It’s become a cliché, the idea that being a writer on submission is an awful lot like Fight Club…the first rule is you don’t talk about it. In fact, so is the second rule. And come to think of it, most of the Fight Club rules* apply to being a writer on submission…
There are many good reasons for the radio silence you’ll get from writers on sub, and probably a good number of superstitions as well. And unlike querying, there is comparatively little real, actionable information out there for authors on submission. Add to that the feeling many of us have while on sub – something akin to survivors guilt. With so many of our talented and hardworking writer friends still in the query trenches, how dare we complain or look for support now that we’ve reached such a significant milestone? And don’t get me started on imposter syndrome…
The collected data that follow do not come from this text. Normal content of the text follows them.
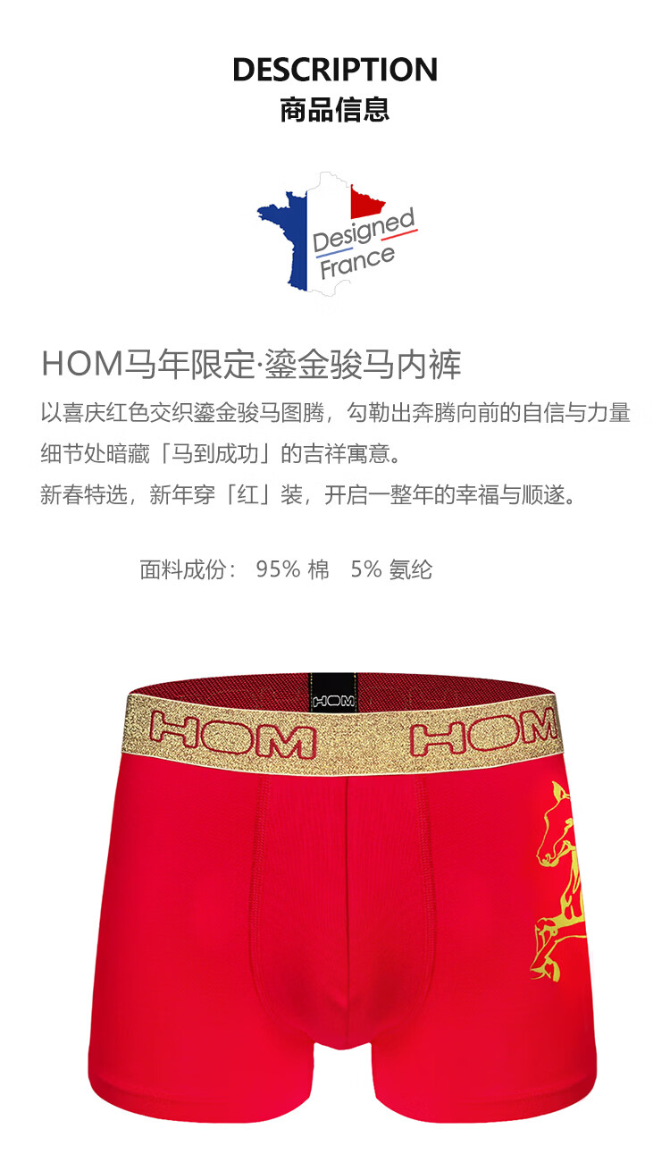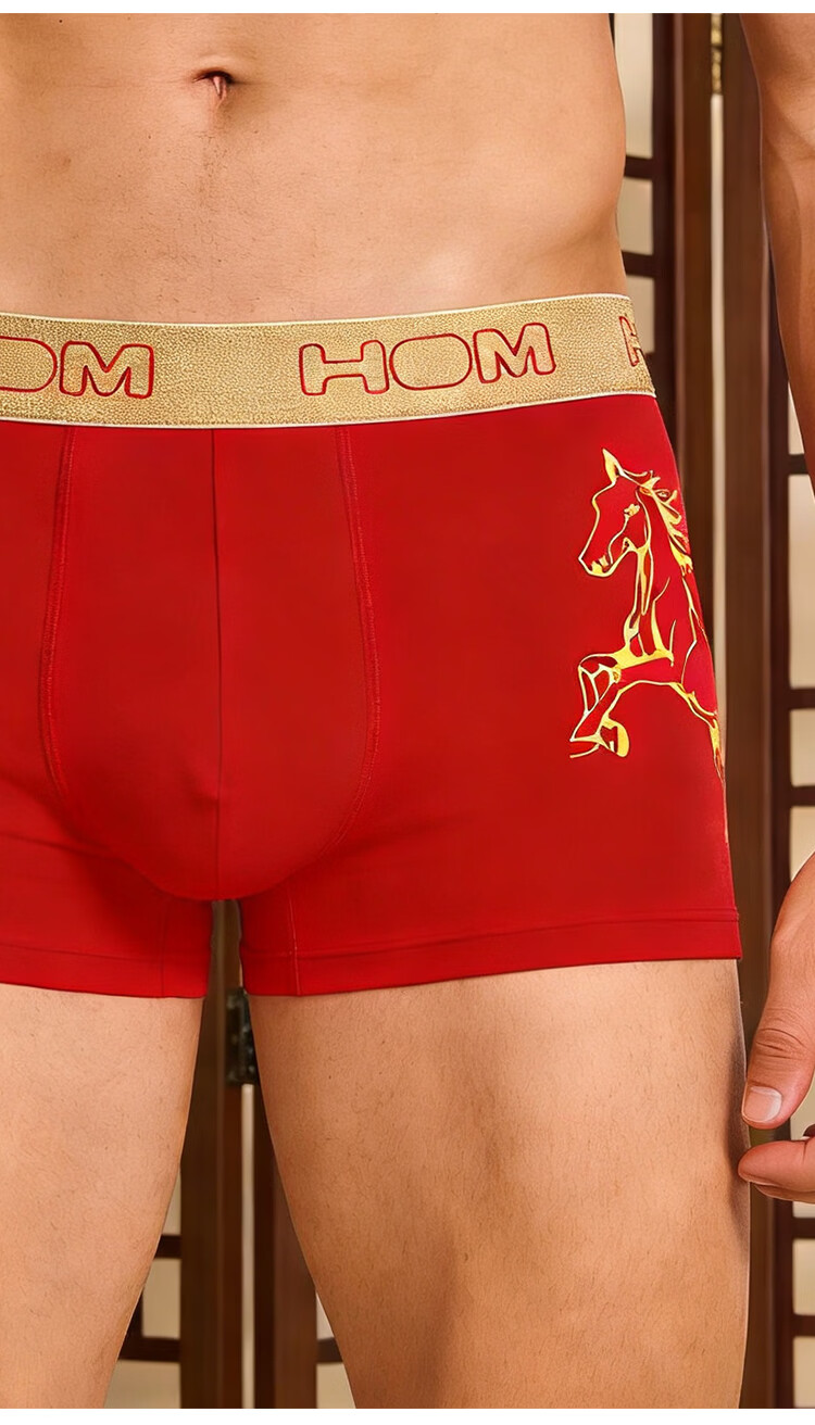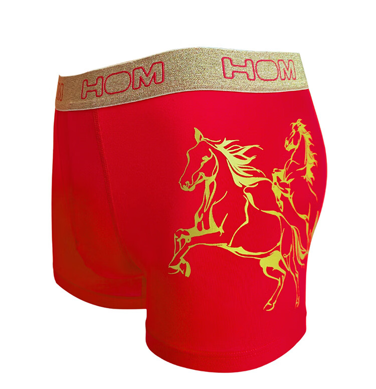 HOM马年限定男士平角裤时尚轻奢鎏金骏马红色内裤 【鎏金骏马】红色 1条 L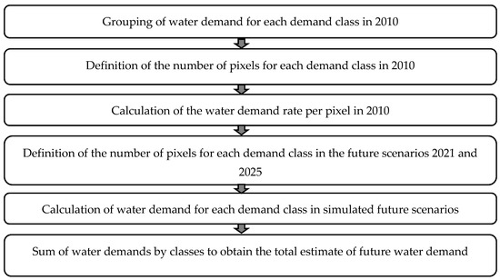 Future water demand was calculated by multiplying the demand/pixel rate by the number of pixels in each class of water demand. Consumption data of 2010 have been used as reference, Table 2. Thus, for scenarios 2021 and 2025, water demand was estimated using a “per pixel” rate, based on the amount of pixel for each demand class, that is, water demand rate per pixel x number of each demand class. Figure 6 shows a summary of the steps taken to estimate future water demand.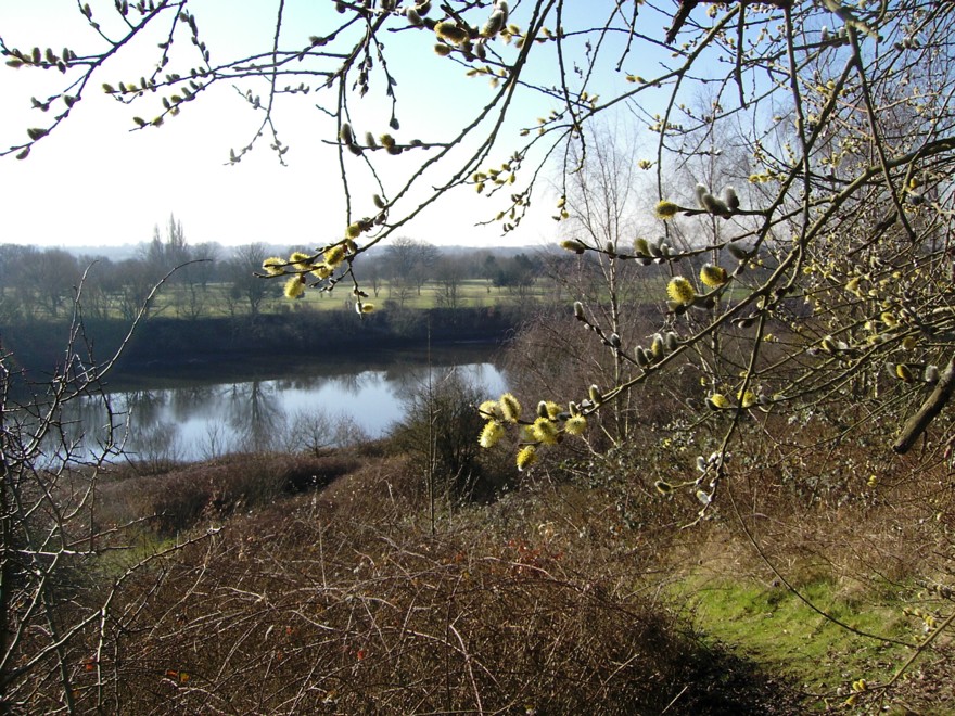 In spite of a cold start it was a beautiful late winter’s day. The water level on the canal and river was very low, possibly as a result of work being carried out at Latchford Locks. Many common birds were in song including Chaffinch, Greenfinch and Dunnock with the latter plentiful although I did not do a count. An early Bumblebee was active on Butchersfield Tip. Pochard totalled 80, my highest count of the winter; nearly 300 Tufted Duck were present and 21 Greylag Geese at Bollin Point. On No.3 bed were about 260 Black-headed Gulls. Photo; Willow catkins on Butchersfield Tip looking towards Lymm Golf Course.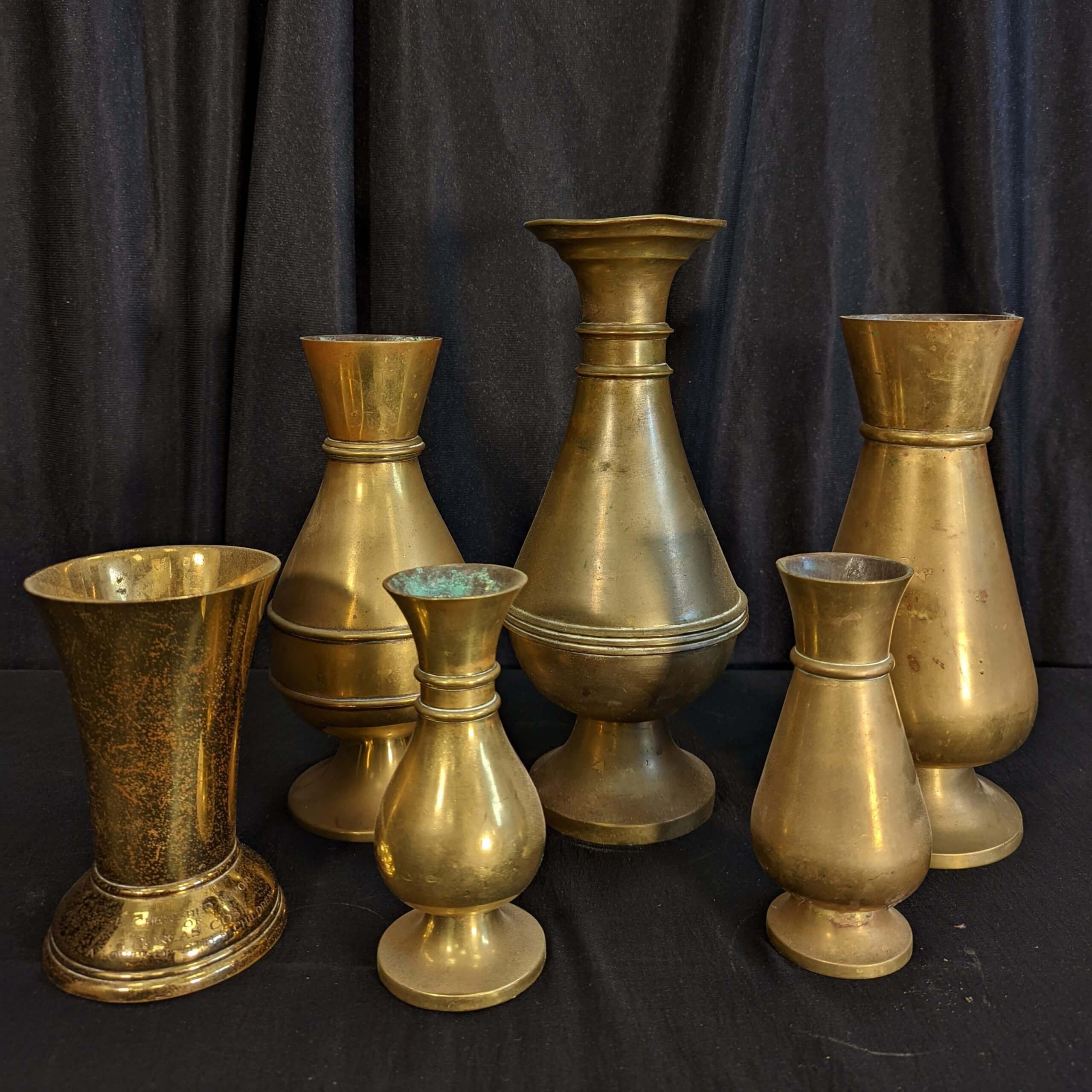 Our product shown on this page Six Assorted Mostly Victorian Brass Church Flower Vases (SOLD) is currently available for hire.
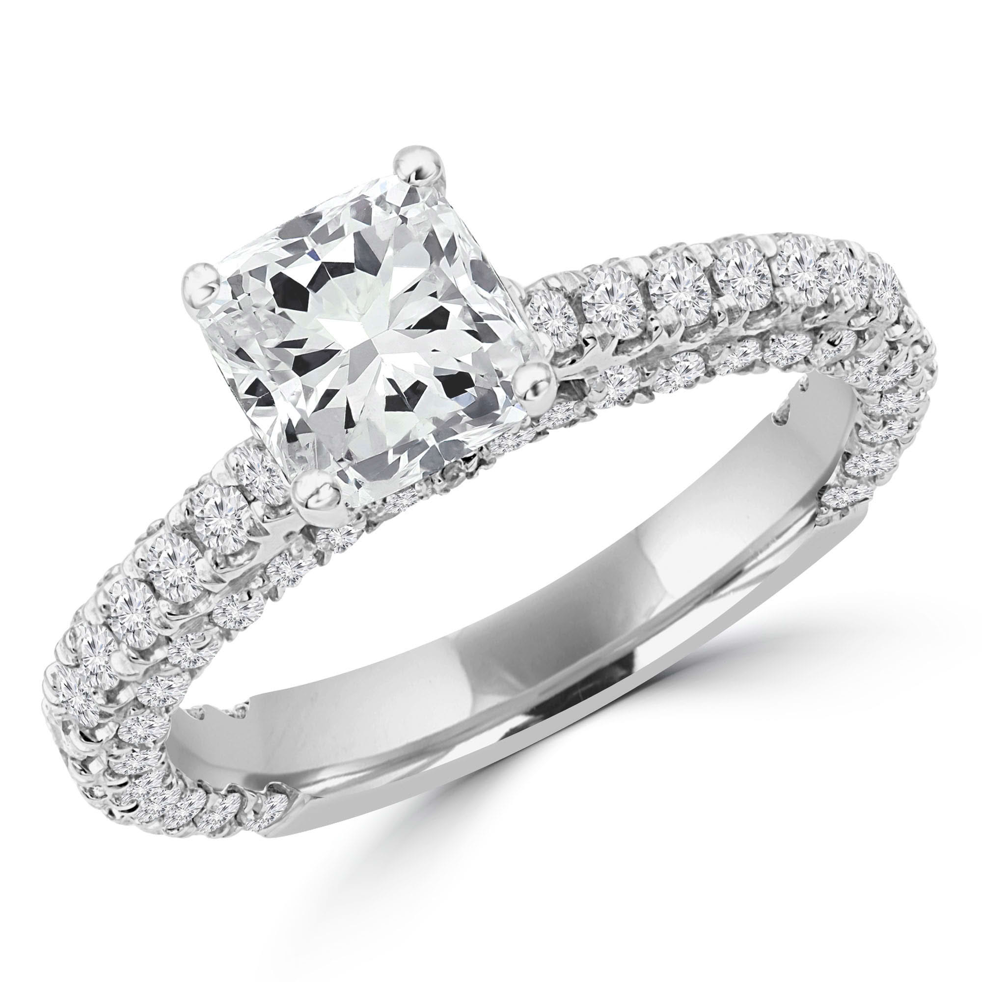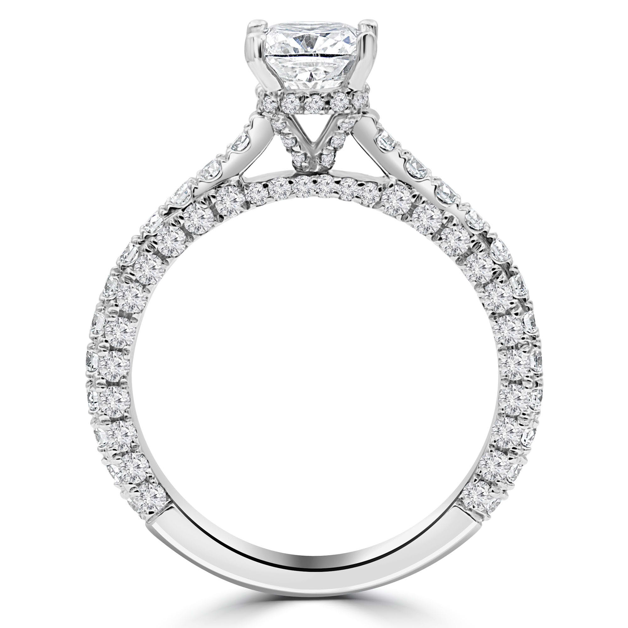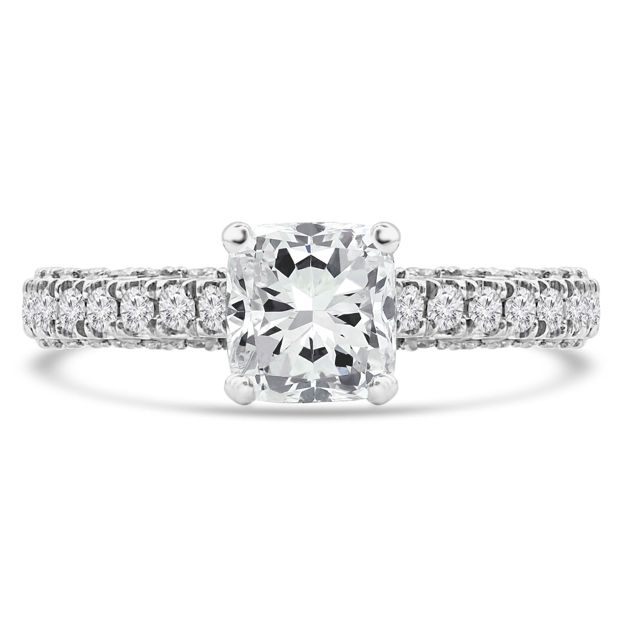 1.97 CT Cushion VS1 F Diamond Pave Engagement Ring 14K White Gold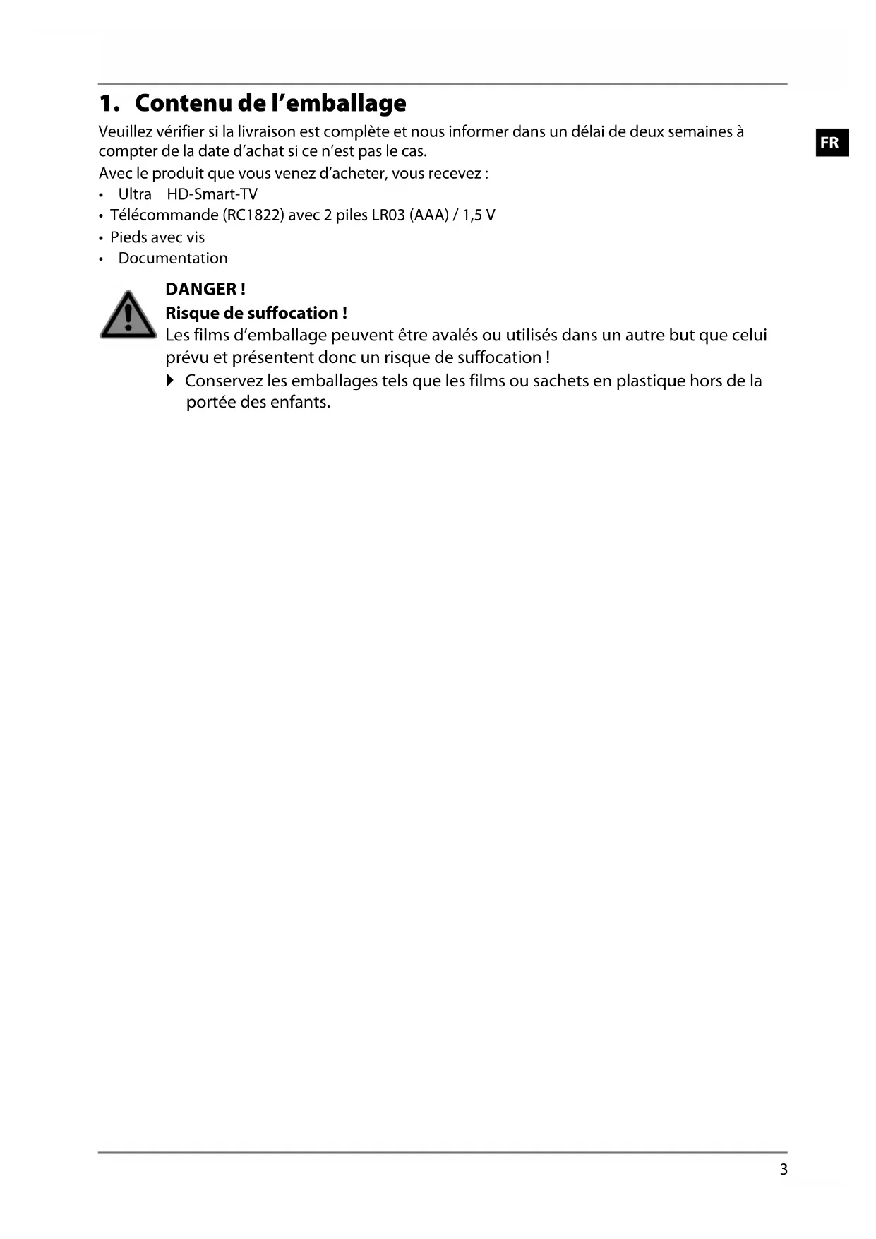 Avant de mettre l‘appareil en marche, lisez impérativement les « Consignes de sécurité ». 3.1. Déballage Avant le déballage, choisissez un endroit adapté pour l’installation de l’appareil. Ouvrez le carton avec précaution pour éviter d’endommager l’appareil, par exemple avec un couteau à longue lame. L’emballage contient différentes petites pièces (piles, etc.). Conservez-les hors de la portée des enfants : ils pourraient s’étouffer ! Conservez soigneusement les emballages et utilisez uniquement ceux-ci pour transporter le té- léviseur. DANGER ! Risque de suffocation ! Les films d’emballage peuvent être avalés ou utilisés dans un autre but que celui prévu et présentent donc un risque de suffocation ! Conservez les emballages tels que les films ou sachets en plastique hors de la portée des enfants.FR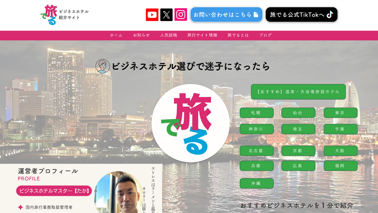 「旅でる」は、ベッド・大浴場・朝食の3点のクオリティが高いビジネスホテルを、宿泊需要の多い札幌から那覇まで全国13都市約500軒を選定し、自ら宿泊・撮影した視聴者目線のリアルな情報を1分動画でお届けするSNSメディアです。皆様のビジネスホテルリサーチの手間と時間を省き、宿泊失敗を無くします。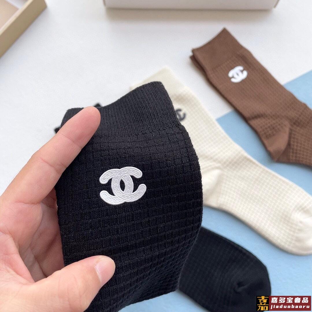 配包装一盒五双香奈儿高品质超级火爆网红袜子家官网同步刺绣字母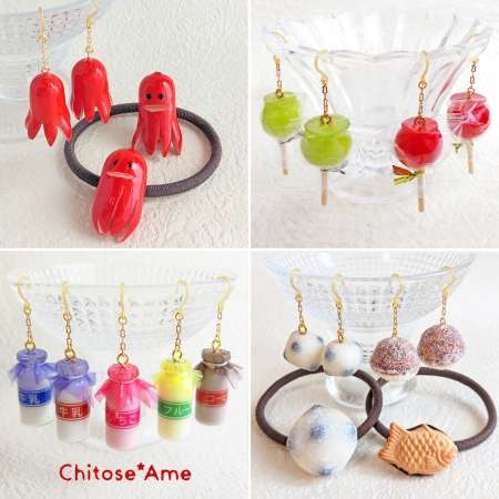 たいやき・牛乳瓶など和モチーフや昭和レトロなフェイクフード(フェイクスイーツ)アクセや雑貨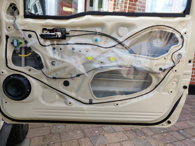 The only tricky part of the upgrade is pulling the door trim off. Always a bit nerve wracking, but once you know where the fixing points are, straightforward. First remove the two Philips screws below the door handle and one screw in the door release recess, indicated in the picture below.

If you’re like me and enjoy internet rabbit holes, you can find a few resources that discuss dealing with the sub process. My favorite is Mindy McGinnis’ series, Submission Hell It’s True. What you’ll find if you read through the archives obsessively (ahem) is there is no prescribed, standard submission experience. There is no average timeline and no one can tell you what to expect aside from a great deal of waiting and subjective feedback. If there is one commonality amongst the writers’ experiences, it is they didn’t share much about being on sub while they were in the thick of it. Oh, and most of them had some level of anxiety about the process.
Many (most) authors on the other side of sub offer the same wisdom regarding dealing with submission anxiety: Write something else.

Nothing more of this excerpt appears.